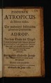 Phoenix atropicus de morte redux. Der wiederumb frischbelebte gebenedeyte philosophische Adrop, aus dem Grabe der Vergessenheit hervorgesucht, seinem Wesen, Eigenschafften, und eigentlicher Zubereitung nach ... aus arabisch- chaldaeisch- französisch- und lateinischer in hoch-teutscher Zungen beseelet und vorgestellet.
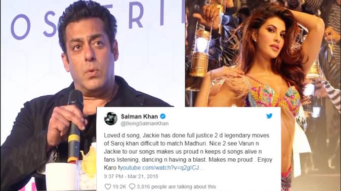 इन दिनों जैकलीन फर्नांडीज पर फिल्माए गए गाने 'एक दो तीन' की चारों ओर से आलोचनाएं हो रही हैं। लेकिन इसी बीच उनके को-स्टार सलमान खान सामने आए हैं और जैकलीन का कुछ इस अंदाज में बचाव करते दिख रहे हैं। सलमान और जैकलीन फिल्म 'किक' के बाद अब फिल्म रेस 3 में भी साथ नजर आएंगे।
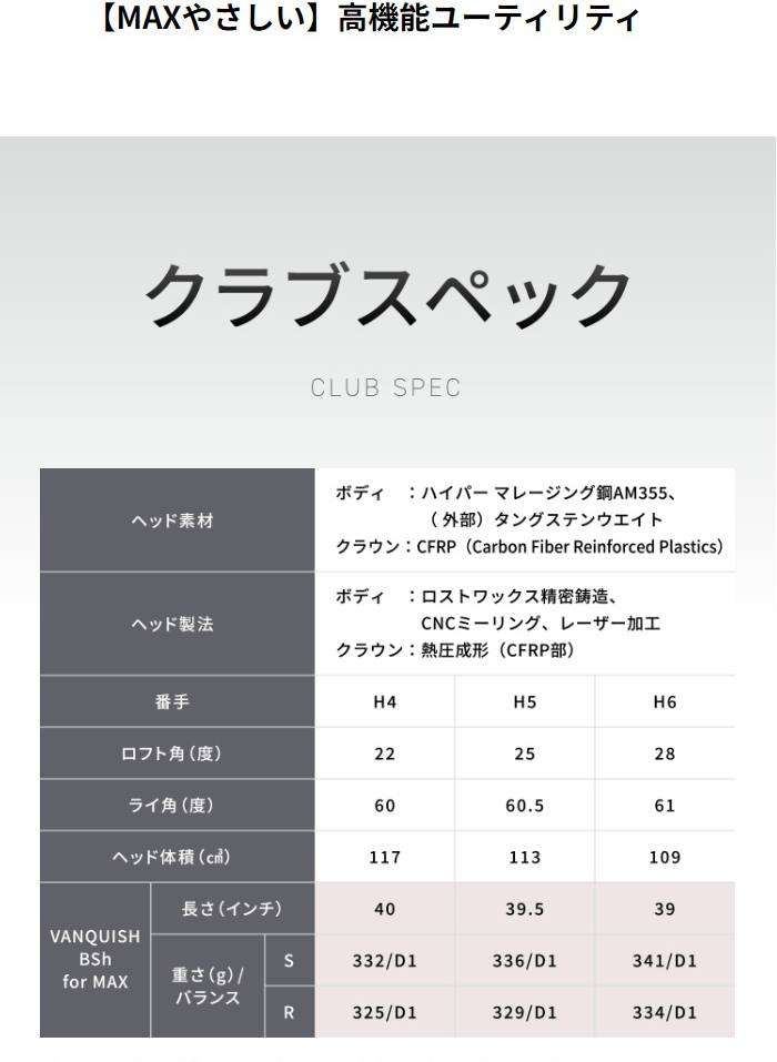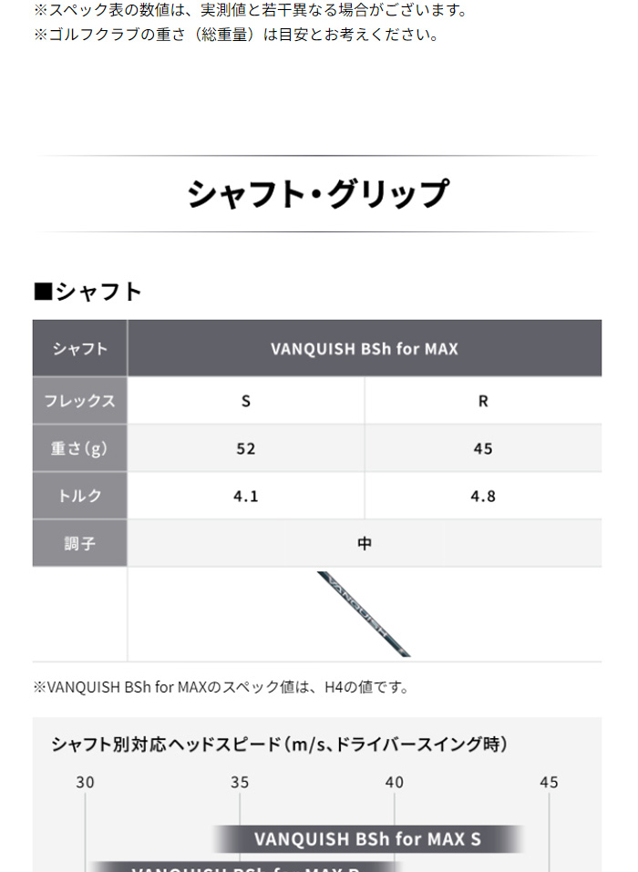 | シャフト名 | VANQUISH BSh for MAX |
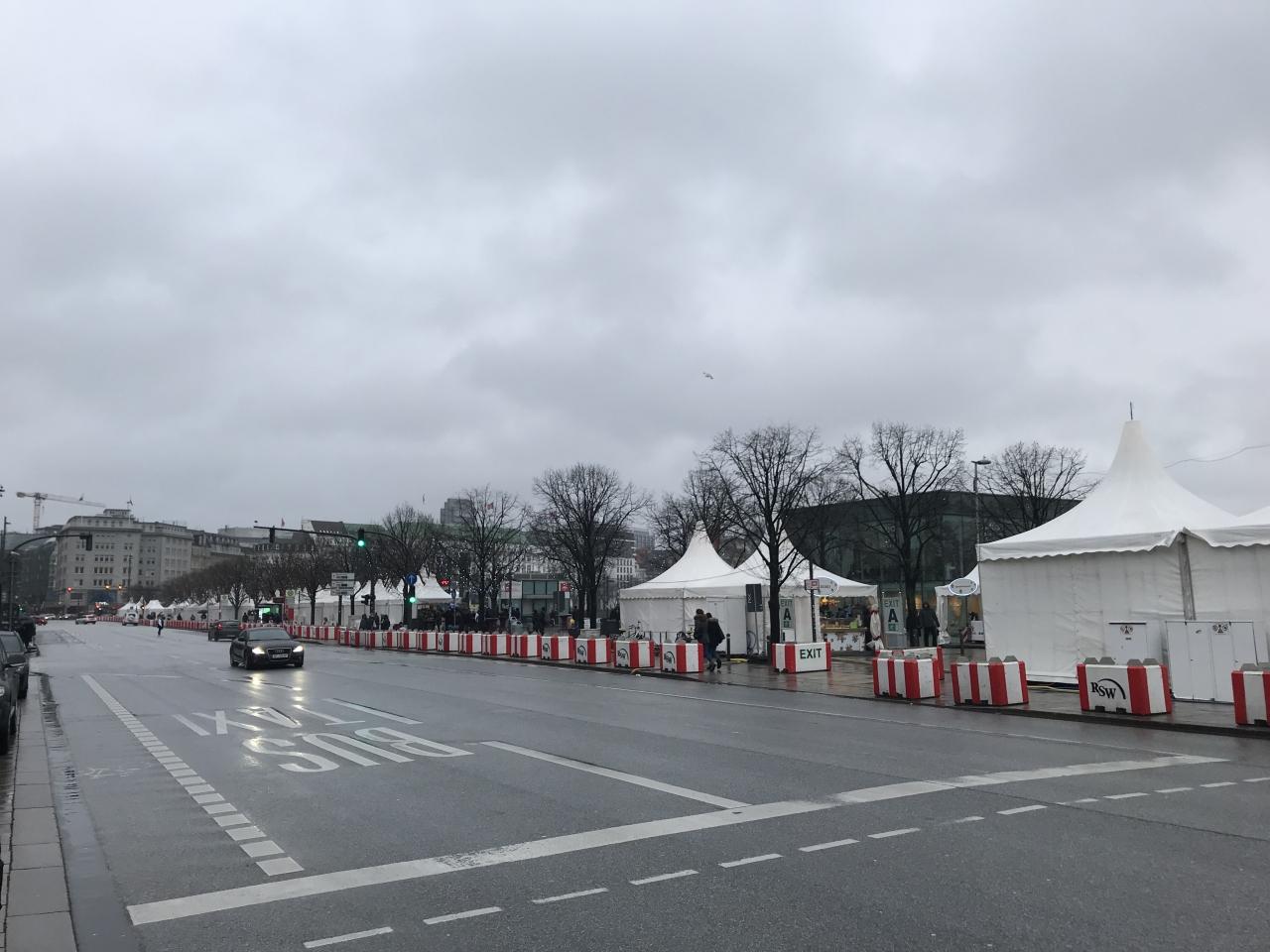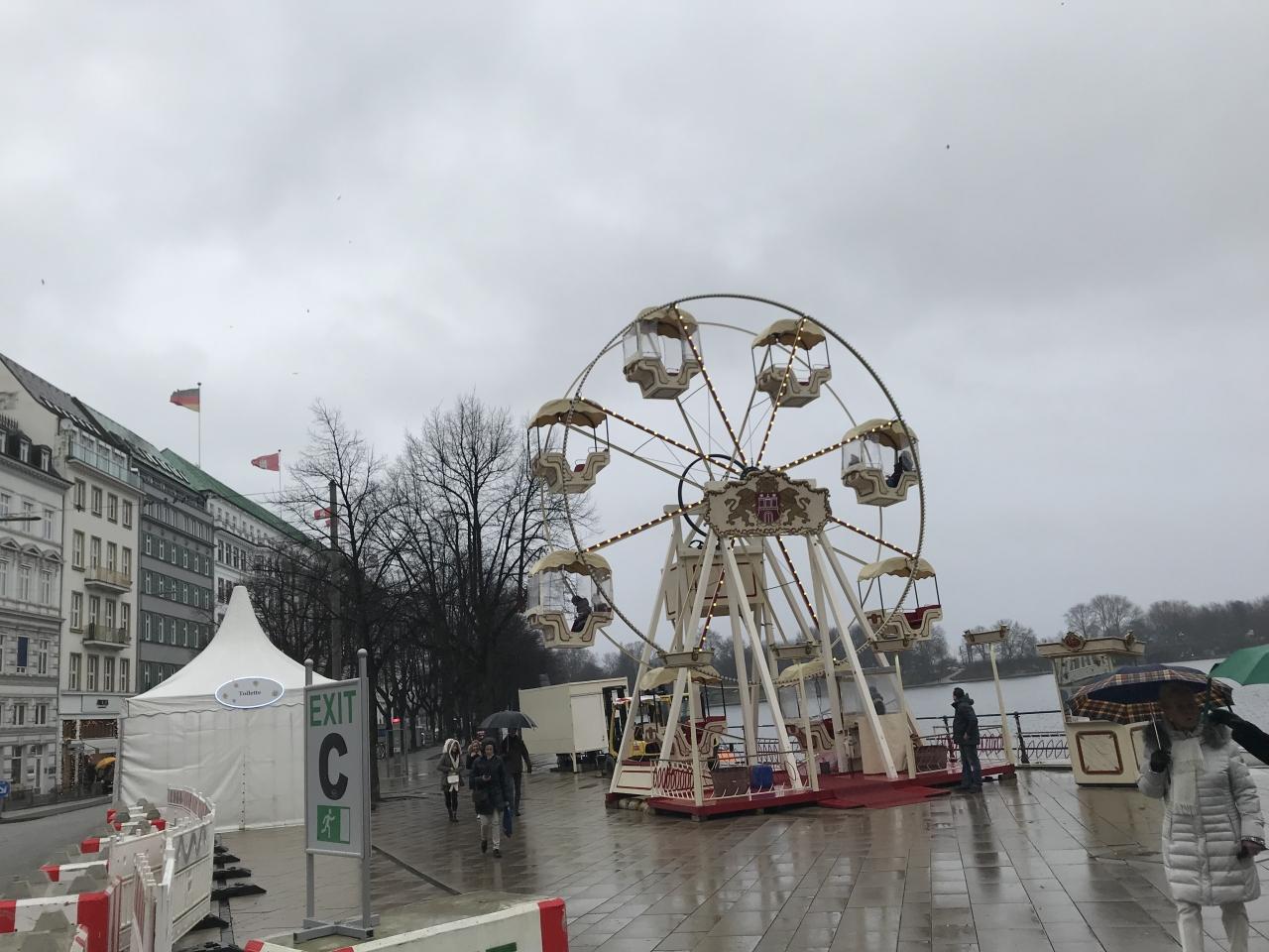 ハンブルクの街中には、まだクリスマスマーケットも少し残っていました。ニューイヤーイヴは明日ですが、小雨の降る中でも結構賑わっていました。
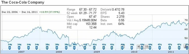 Akcie Coca-Coly se v současnosti obchodují okolo 67 dolarů. Vyhlídky růstu a schopnost firmy těžit z prodejů na zahraničních trzích a prostor pro zvyšování dividendy (dosud vyplácí jen asi 35 % svých zisků) dělají z Coca-Coly jednu z nejjasnějších dlouhodobých sázek.
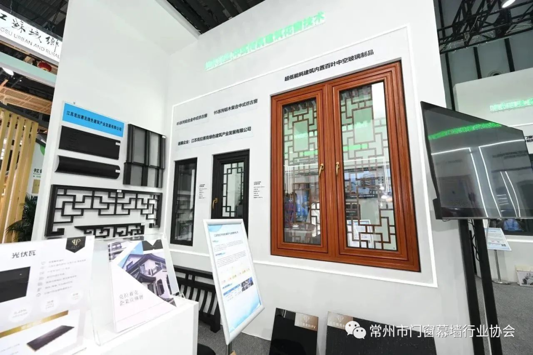 “绿色低碳、科技赋能——高性能建筑门窗产业技术主题展区”围绕高性能建筑门窗领域产品部件和产业技术进行展陈,集中展现我省高性能建筑幕墙门窗产业在绿色低碳转型方面的探索和实践,以科技创新成果为产业高质量发展探索路径、提供示范。展陈技术内容涵盖超低能耗被动房、装配式模块化门窗产品、高隔声性能建筑门窗产品、高保温性能建筑门窗产品、高防火性能建筑门窗产品、智慧家居门窗和遮阳产品、遮阳通风一体化门窗产品、光伏幕墙构件产品等十余类产业技术,集中体现了我省高性能建筑门窗及幕墙产业技术发展和工程应用水平。常州市门窗幕墙行业协会会长单位江苏克拉赛克绿色建筑产业发展有限公司、监事单位江苏金百合门窗科技有限公司、会员单位常州天经新型建材有限公司的产业技术顺利入选“2023江苏绿色低碳建筑国际博览会展示技术成果”并集中亮相展会。
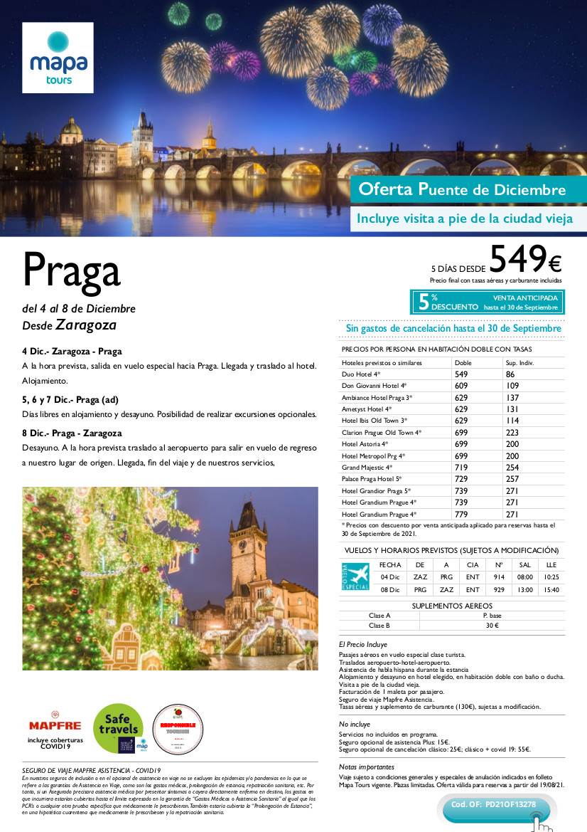 OFERTA PRAGA PUENTE DE LA CONSTITUCIÓN 2021. SALIDA EN VUELO DIRECTO DESDE ZARAGOZA
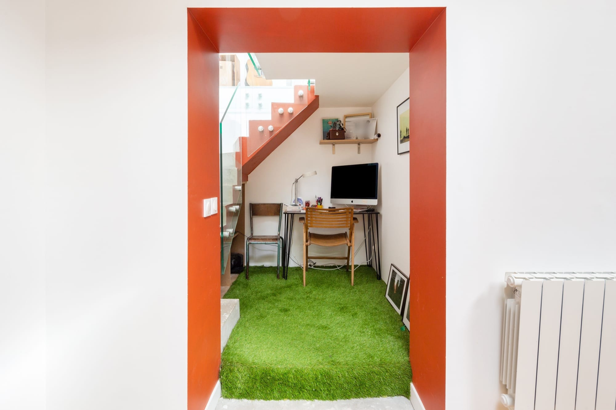 Les murs blancs et l’encadrement rouge ajoutent de la luminosité et de la chaleur à l’espace, créant un contraste vibrant avec le vert du sol. Sous l’escalier, un bureau minimaliste et des étagères murales permettent un aménagement fonctionnel sans encombrement. Ce petit coin de verdure est parfait pour s’évader tout en restant productif.
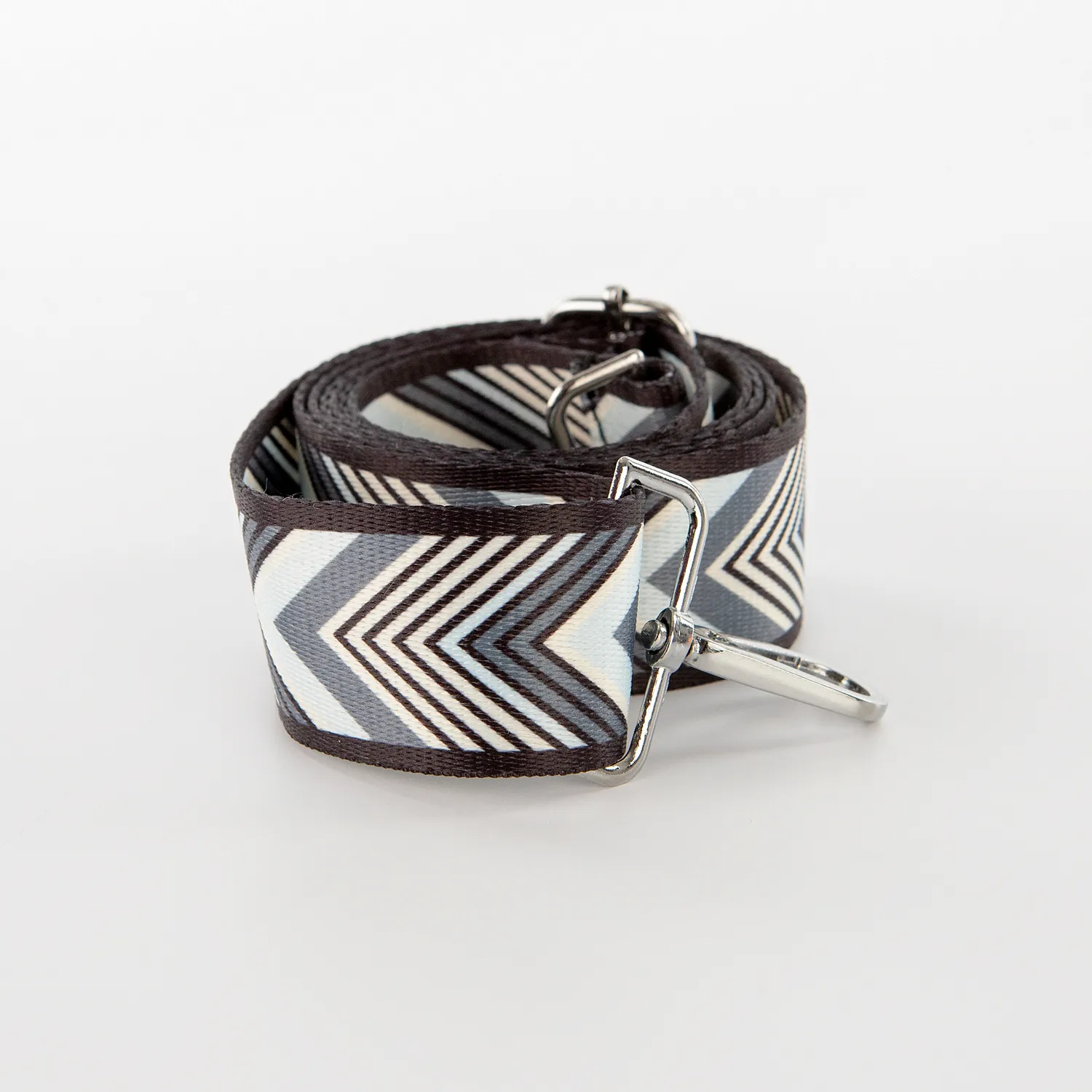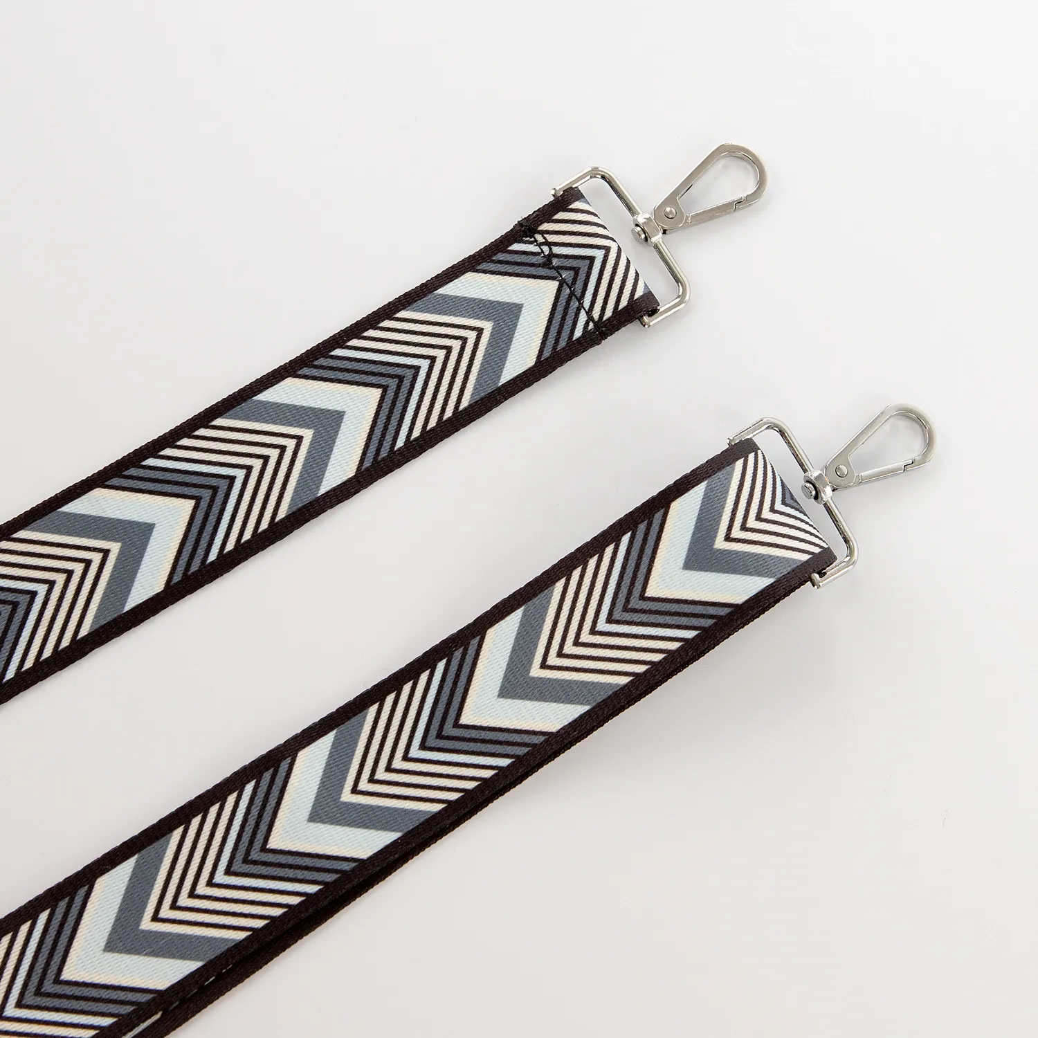 Съемный регулируемый ремень на сумку выполнен из текстильного материала яркой расцветки с оригинальным орнаментом. Модель шириной 3,7 см и длиной 140 см на карабинах. Универсальный ремень подойдет к любой сумке.

▬▬▬▬▬▬

• **EXERCISE GOAL**
Although the records above contain pictures, the copy must not; set down exactly the lines from the one with "इन दिनों जैकलीन" up to and including the one with "BSh for MAX |".

• **ANSWER TO THE PROBLEM**
 इन दिनों जैकलीन फर्नांडीज पर फिल्माए गए गाने 'एक दो तीन' की चारों ओर से आलोचनाएं हो रही हैं। लेकिन इसी बीच उनके को-स्टार सलमान खान सामने आए हैं और जैकलीन का कुछ इस अंदाज में बचाव करते दिख रहे हैं। सलमान और जैकलीन फिल्म 'किक' के बाद अब फिल्म रेस 3 में भी साथ नजर आएंगे।
 | シャフト名 | VANQUISH BSh for MAX |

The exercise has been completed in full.